Repeat only the lines between the one with "In vijf vormvaste" and the end of the material below, both ends included. Omit any picture.

Given material.
=== Begin Enclosure ===

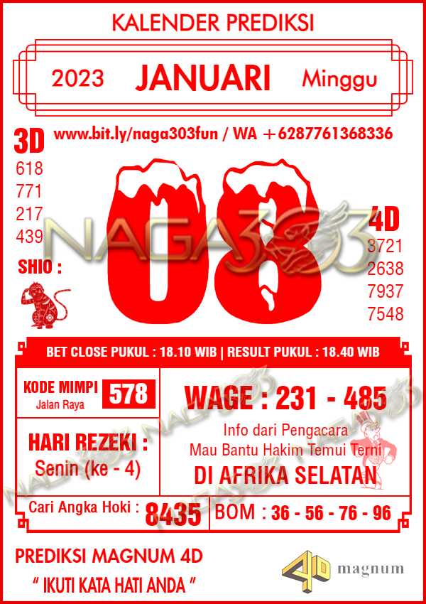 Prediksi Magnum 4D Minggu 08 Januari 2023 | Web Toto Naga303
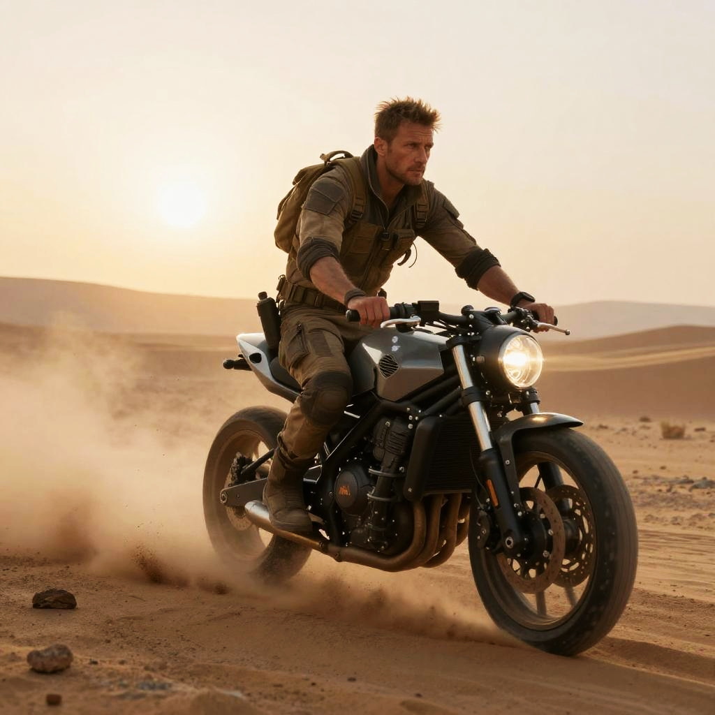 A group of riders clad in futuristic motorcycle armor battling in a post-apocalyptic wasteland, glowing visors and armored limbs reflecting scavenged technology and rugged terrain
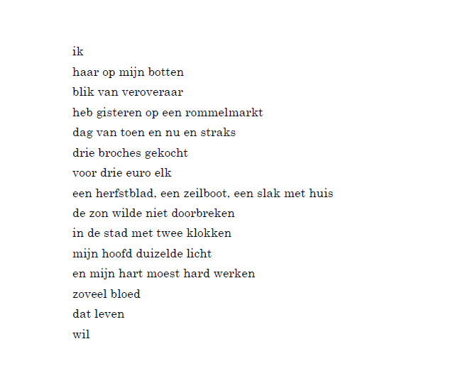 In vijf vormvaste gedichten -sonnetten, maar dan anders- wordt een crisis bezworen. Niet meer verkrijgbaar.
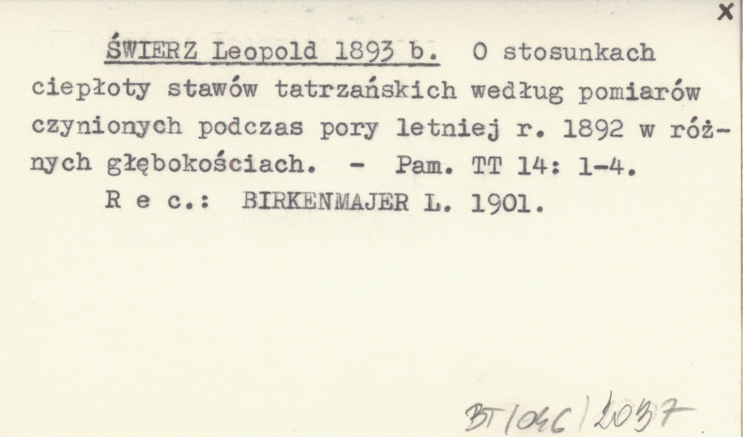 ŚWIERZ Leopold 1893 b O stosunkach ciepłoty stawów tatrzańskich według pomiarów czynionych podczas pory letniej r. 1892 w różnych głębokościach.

=== End Enclosure ===

Finished task.
 In vijf vormvaste gedichten -sonnetten, maar dan anders- wordt een crisis bezworen. Niet meer verkrijgbaar.
 ŚWIERZ Leopold 1893 b O stosunkach ciepłoty stawów tatrzańskich według pomiarów czynionych podczas pory letniej r. 1892 w różnych głębokościach.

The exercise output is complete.